Over the very long term, it's hard to say how big the impacts of AI will be or how quickly they will arise, and especially for young people, it may make sense to not invest one's own identity too much in their ability to do a job better or more cheaply than machines indefinitely.
Eventually, it's plausible that a large fraction of people will be able to have their basic needs taken care of via redistribution of the large productivity gains from AI and robotics, and that's potentially exciting for many people: one might get an early retirement and get to focus on what you want to do with your life e.g. arts, continuous education, and leisure, rather than what you think is the best way to get paid.
ML: This idea of not investing your identity too much in a job role is fascinating. It'll be a real shift from prevalent approaches to self-worth and understanding. However, some folk contend that AI will also dominate the arts, literature, politics and almost every other domain of human life. Is there reason to think it won't?
MB: I think it's plausible that AI will eventually be capable of exceeding humans at performing any specific task in principle, though that could be very far from now. That doesn't mean that:
1) AI will actually do all of those tasks in the marketplace (we may be willing to pay a premium for humans performing the task, or require certain tasks to be done by humans using laws), or
2) that humans can't also do those tasks voluntarily in leisure time, or
3) that there will be nothing left for humans to do or create. The amount of possible art forms, leisure activities, etc. is probably infinite even if, for a given instance of creative work, a machine could be directed to do it, too.
ML: Will the average policy-makers, politicians and citizens need to learn a whole new conceptual toolset to take part in debates? Will we be able to keep up or will policy-making, in the age of AI, become an ever-more specialised, elite field? Will folks need to upgrade their physical hardware to do so?
MB: It's getting increasingly easy to stay up to date with advances in AI, as there are lots of popular books being written on the topic, lectures to watch on YouTube, newsletters, etc. There do need to be clear accessible explanations of some of these advances for the public and policy-makers to grasp without going into the technical details, but I think this is a solvable problem.

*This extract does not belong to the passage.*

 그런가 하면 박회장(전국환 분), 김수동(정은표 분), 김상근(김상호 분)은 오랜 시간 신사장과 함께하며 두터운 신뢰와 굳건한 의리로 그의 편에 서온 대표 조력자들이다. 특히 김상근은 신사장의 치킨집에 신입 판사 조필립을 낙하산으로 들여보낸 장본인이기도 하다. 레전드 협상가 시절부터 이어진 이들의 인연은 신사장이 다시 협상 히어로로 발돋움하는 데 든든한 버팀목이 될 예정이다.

Just like many people don't know the finer points of quantum mechanics but learn a bit about physics in school or in popular science books, I think the necessary level of knowledge to understand the basics of AI is within the grasp of most people without much or any technical training, if it's clearly explained.
ML: Your own focus is around policy in AI. How do you feel about the way that fiction, art, and other domains are treating the issue of AI? Are current approaches helpful?

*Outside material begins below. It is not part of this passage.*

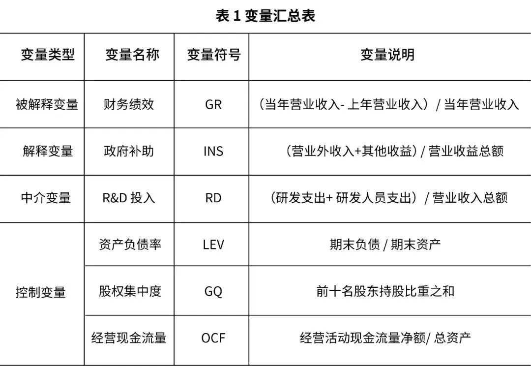 高新技术企业的经营效益和研发专利的产出之间具有显著的联系,新的科技成果除依赖创新型企业对项目的探索水平和有关制度之外,还依赖R&D的持续性投资,这里的R&D投资不但包括研发费用,还包括了科研者的科研水平。王素莲与阮复宽(2015)指出R&D投资会在研发进度结束以后转化成企业强大的生产力,会提高新商品在市场环境中的需求量,进而确保经营效益,提高企业的价值,从中能够进一步确立R&D投资和企业绩效二者间具有正向关联。企业施行R&D投入是保证创新成果的前提,创新成果是服务于企业经济市场地位的商品保障,企业财政收益则体现在财务绩效上,故而本文认为,R&D投入和企业的财务绩效之间有一定的联系,基于上述内容的研究提出下列假设。在当前的环境下,不同行业都非常关注技术的发展和运用,积极响应国家号召。以电子通信产业中高新技术企业为例,作为中国科技创新的领军企业,政府鼓励研发型企业主动参加研发活动,向市场提供多元化、新颖的产品,通过拨付较多的财政资金给予公司创新补助。从电子通信产业统计年鉴的有关数据能够得知,近些年,政府对这一行业的扶持经费表现出上升的态势,经济收益的提升趋势在行业中处于领先水平,行业中不同高新技术企业的财务绩效也呈现出上升的趋势,从中可以看出,政府补助对企业创新行动具有显著的积极作用,进而作用到公司的财务绩效。针对以上内容的分析提出如下假设。H3:政府补助对企业财务绩效有正向影响。

MB: Science fiction is, of course, a major way that AI is introduced to the public – in fact, surveys by the Royal Society show that it is mainstream media and science fiction that teach most people about AI, rather than direct exposure to experts or personal experience in developing AI.
A lot of AI-related science fiction sidestep the real issues a bit in order to be entertaining, so one can be misled. For example, science fiction often dwells on the humanness and human appearance of AI systems, when in fact some of the more interesting advances happening today are in systems that don't look that much (or at all) like humans and think in quite different ways.
ML: Would you recommend any recent AI-related fiction, artwork, or entertainment, for its accuracy, or for asking the right questions, or otherwise?
MB: I have some sort of beef with each piece of AI-related fiction, but there are two that I think are reasonably good in the accuracy respect. Ex Machina demonstrates the perils of anthropomorphising AI systems too much.
Person of Interest demonstrates what a world with highly effective AI-based surveillance might look like, even if it arguably overestimates how good an AI could be at predicting the future; it also notably doesn't dwell on the physicality of AI, which I liked.